Genotoxicity studies on urine and bone marrow samples of rats bearing transplanted nephroma.

作者信息

Varga C, Pocsai Z, Kertai P

机构信息

Department of Hygiene and Epidemiology, University Medical School, Debrecen, Hungary.

出版信息

Mutagenesis. 1995 May;10(3):253-5. doi: 10.1093/mutage/10.3.253.

Abstract

It was demonstrated earlier that urine of rats bearing transplanted mesoblastic nephroma had high mutagenic activity in Salmonella typhimurium, which could not be detected in serum samples of the same animals. In this paper, cytogenetic alterations are discussed and the lack of enhanced micronucleus formation in bone marrow of tumorous rats is described. The cytogenetic effect of the hydrophobic (XAD-4) urinary fraction, which has been found to be mutagenic in the TA98 Salmonella strain, was examined in CBA mice. Sister chromatid exchange (SCE) analyses were performed on bone marrow cells of animals treated with single injections of concentrated urine samples. Significant and continuous increases could be detected in the SCE frequencies caused by the urinary concentrates with development of the tumour. Pseudouridine, a suggested urinary tumour marker nucleoside, was also studied for mutagenicity in the Ames Salmonella test.
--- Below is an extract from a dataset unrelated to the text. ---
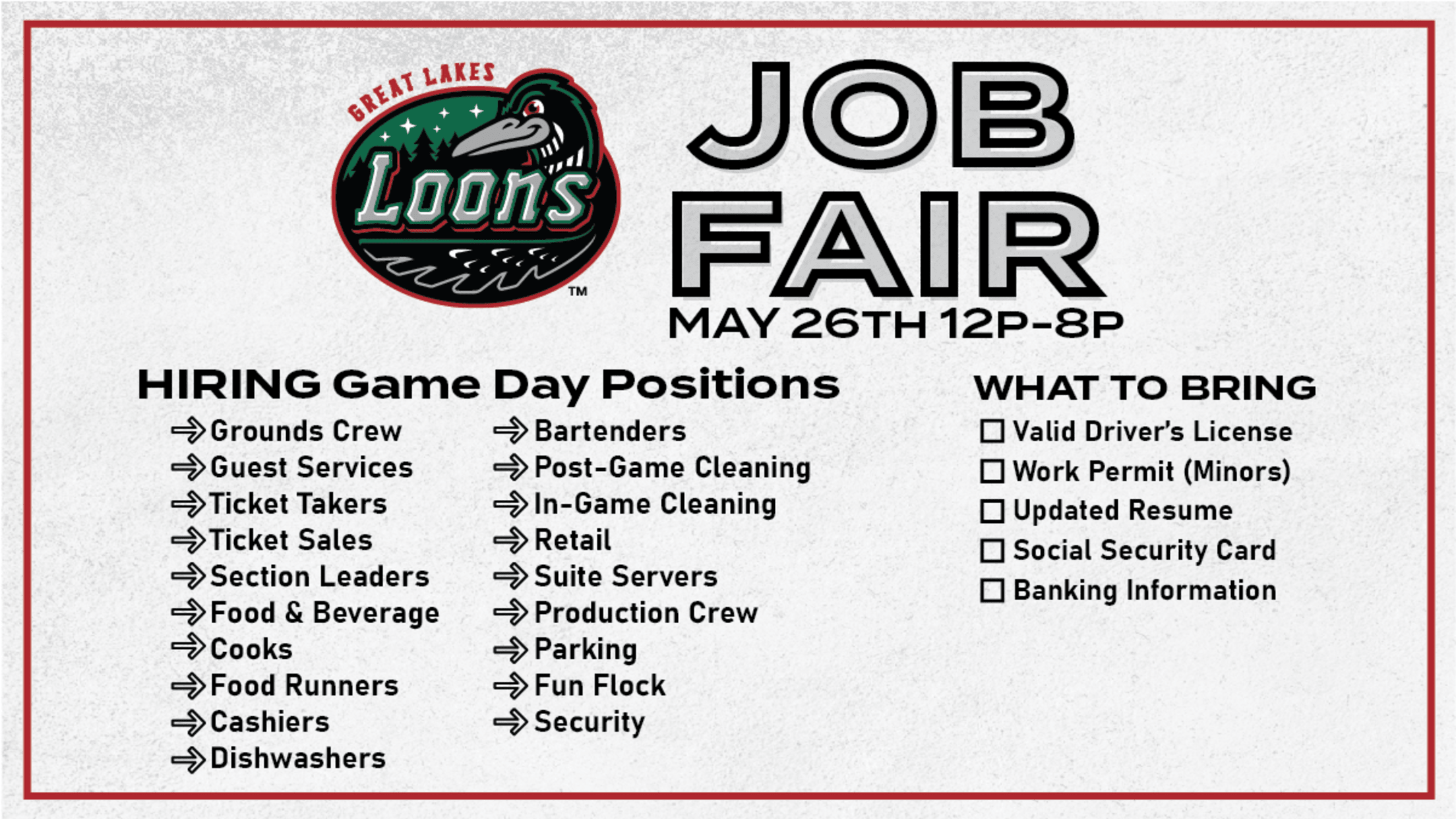 Loons to Host Seasonal Job Fair May 26th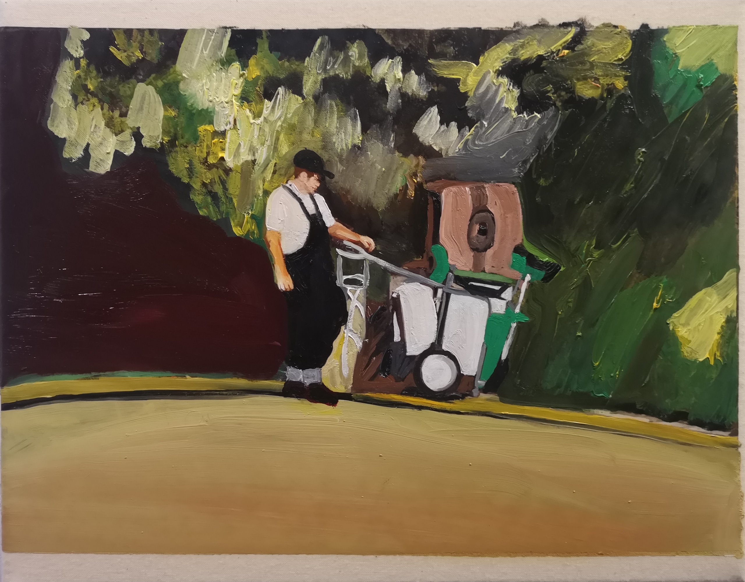Ik maak schilderijen in acryl en olieverf. Op deze schilderijen schilder ik mensen in alledaagse situaties. Zo heb ik een serie muziekkorpsen. Vakantiegangers maar ook een man met een afstandsbediening een kind op een paard. Het is een soort vertraagd dagboek verslag van mijn belevenissen.

Both derivatives (alpha and beta), however, failed to induce mutations in the TA98/TA100 strains, either with or without metabolic activation. In conclusion, urinary mutagen(s) produced during the renal tumour growth have a spectrum of genotoxicity involving at least two endpoints, but the high pseudouridine excretion may not be responsible for these effects.

摘要

早前已证实,患有移植性中胚层肾瘤的大鼠尿液在鼠伤寒沙门氏菌中具有高诱变活性,而在同一动物的血清样本中未检测到这种活性。本文讨论了细胞遗传学改变,并描述了肿瘤大鼠骨髓中微核形成未增强的情况。在CBA小鼠中检测了疏水性(XAD - 4)尿组分的细胞遗传学效应,该组分已被发现在TA98沙门氏菌菌株中具有诱变作用。对单次注射浓缩尿样处理的动物骨髓细胞进行了姐妹染色单体交换(SCE)分析。随着肿瘤的发展,可检测到尿浓缩物引起的SCE频率显著且持续增加。还研究了一种推测的尿肿瘤标志物核苷假尿苷在艾姆斯沙门氏菌试验中的诱变性。然而,两种衍生物(α和β)在有或无代谢激活的情况下,均未能在TA98/TA100菌株中诱导突变。总之,肾肿瘤生长过程中产生的尿诱变剂具有一系列遗传毒性,涉及至少两个终点,但高假尿苷排泄可能并非这些效应的原因。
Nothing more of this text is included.